In that same interview, Eadie said, "I'll never leave Kenai. I'll be here when those people who put me out of business are gone. I can hold my head up high. I think I've done a wonderful job. I feel like I brought a lot of people a lot of happiness here."

Her concern for those in need and her contribution in reaching out to help are acknowledged even by her critics.

Eadie's sense of independence, adventure, humor, honesty and determination will be missed. At a time when the peninsula's economy remains hopelessly depressed, with little to suggest the immediate future will improve, the loss of her voice will be felt.

To reflect on those economic forces that brought Eadie to Kenai, oil, fishing and the military only deepen one's sense of despair. In the short time she was with here, commercial fishing in Cook Inlet has by and large evolved into a summer hobby.

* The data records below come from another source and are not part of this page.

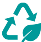
Environmental Management and Climate Resilience
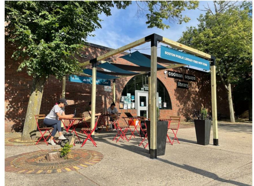
BPL Codman Square pop-up designed by CultureHouse
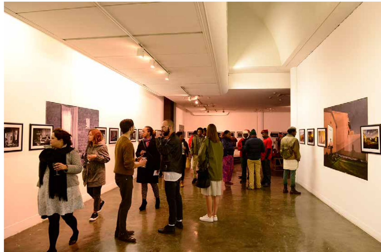
Free from my Happiness exhibition, Johannesburg Art Gallery, 2016
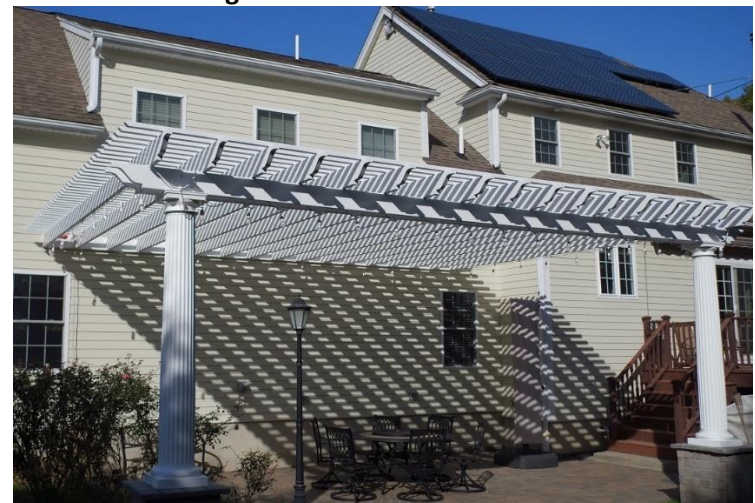
2x8 rafters 16" on center and 2x2 runners 6" on center
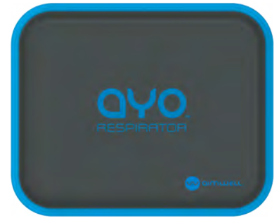
AYO EVA Case
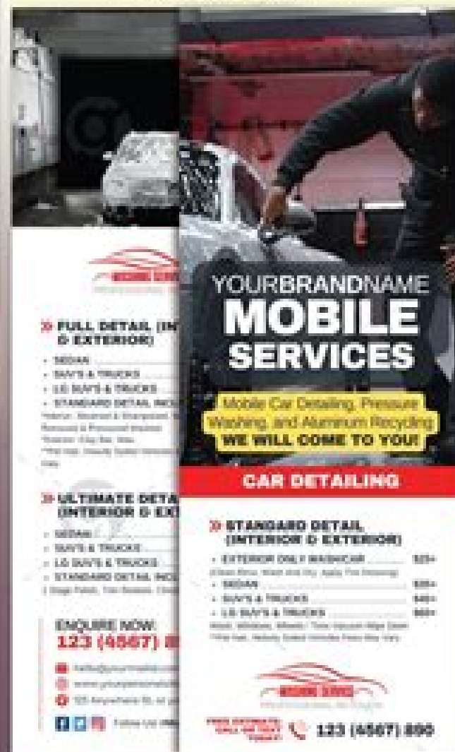
Door Hanger_4.25x11 inch
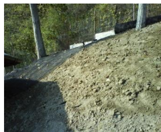
Fig. 13 – The final stage of filling the geocells with soil

The geomatress was filled with vegetal grinded vegetal soil, than the roller turf grass was placed and the the dendrological material planted according to the project (fig. 14 and 15)
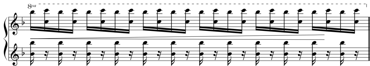
Example 4-5: Brahms, Piano Concerto in D minor , an alternative to the trill in I., m. 110

The trills that begin at m. 110 — the first subject — are challenging to play because of the octaves; the pianist must find a solution that works for their hand and create the sound of octave trills. In Ex. 4-5, I offer one solution that works for hands that can comfortably reach an octave. For clarity, I have notated my method as a measured sixteenth-note trill but keep in mind that the aural effect may be faster and/or unmeasured. Focus instead on creating a smooth trill in the alternating thumbs while using plenty of arm weight for a strong fortissimo sound. The result will be a rapid, brilliant trill that is more successful (aurally) and much easier than octave trills.
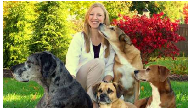
Story on page 6
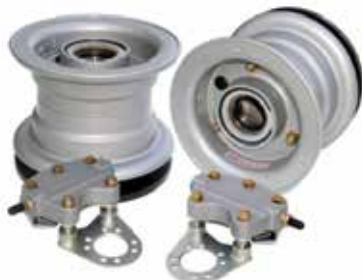
P/N 57-124 Shown
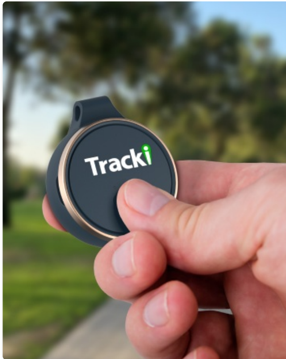
Figure 6: The Tracki GPS Tracker is notably small and lightweight.
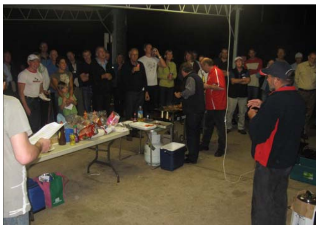
Storytelling was a blast at the post-Classic BBQ

Check our website, www.lcrk.org.au , for lots of pictures of the Classic. If you see some you'd like to keep, you can easily download them to your own computer.
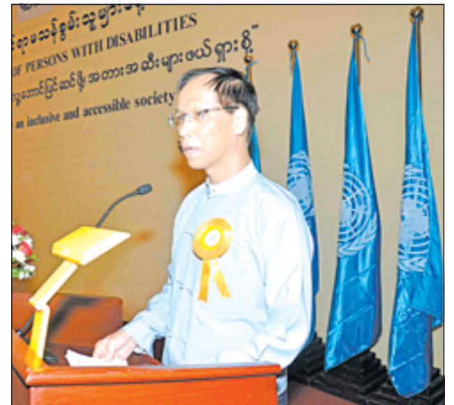
Vice-President Dr Sai Mauk Kham addresses the ceremony to mark International Day of Persons with Disabilities.

could not be created for the disabled in practical field. Thus, the 61 st UN General Assembly prescribed the Convention on the Rights of Persons with Disabilities on 13 December 2006. A total of 154 countries of 193 have signed the convention and 126 countries approved it. About 650 million of

The military has been gone so long it is hard to find someone who even remembers its presence. And the proud tradition of the oil field, once home for colorful wildcats, is now a system of "preferred-partners," an arrangement that has all but eliminated area independents from the industry.

The yards of the Columbia Ward Cannery and countless area oil field contractors remain as empty now as the parking lot of the Frontier Club.

For the record, Eadie's last performance was at the Vagabond Inn on Dec. 11 at the age of 73. She lost her battle with cancer after a 26-year struggle. She said it was the thoughts of her son and many friends that gave her the energy for the fight.

Eadie lived her life on her own terms -- with no apologies.

For her countless contributions to the community she received little acknowledgment. But she was never bitter, for she understood full well the delicate nature of social norms. At a time when we need more neighbors of Eadie's character, she is suddenly gone. It's hard to believe our luck has gotten this bad.